### [Aim of the task]
The expected output is exactly the lines below, starting at the line with "字面:翠綠面,鑲32顆晶鉆,3針設(shè)計(jì)" and ending at the line with "(总)摩卡(乐趣) 2024", both included; no other line belongs in it.

### [Records]

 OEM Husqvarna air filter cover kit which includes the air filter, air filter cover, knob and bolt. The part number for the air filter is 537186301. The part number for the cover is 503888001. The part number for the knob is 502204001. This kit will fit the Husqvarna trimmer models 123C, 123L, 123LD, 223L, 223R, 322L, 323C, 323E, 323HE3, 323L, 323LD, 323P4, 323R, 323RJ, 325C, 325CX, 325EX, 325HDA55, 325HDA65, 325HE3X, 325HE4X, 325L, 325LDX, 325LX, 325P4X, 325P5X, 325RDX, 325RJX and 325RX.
---
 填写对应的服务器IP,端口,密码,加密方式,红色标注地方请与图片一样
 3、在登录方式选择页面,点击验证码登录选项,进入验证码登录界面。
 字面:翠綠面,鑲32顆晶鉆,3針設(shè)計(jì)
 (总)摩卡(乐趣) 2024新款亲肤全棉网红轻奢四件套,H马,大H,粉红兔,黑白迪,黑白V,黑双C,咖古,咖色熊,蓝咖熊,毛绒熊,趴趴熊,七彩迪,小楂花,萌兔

### [Your response]
 字面:翠綠面,鑲32顆晶鉆,3針設(shè)計(jì)
 (总)摩卡(乐趣) 2024新款亲肤全棉网红轻奢四件套,H马,大H,粉红兔,黑白迪,黑白V,黑双C,咖古,咖色熊,蓝咖熊,毛绒熊,趴趴熊,七彩迪,小楂花,萌兔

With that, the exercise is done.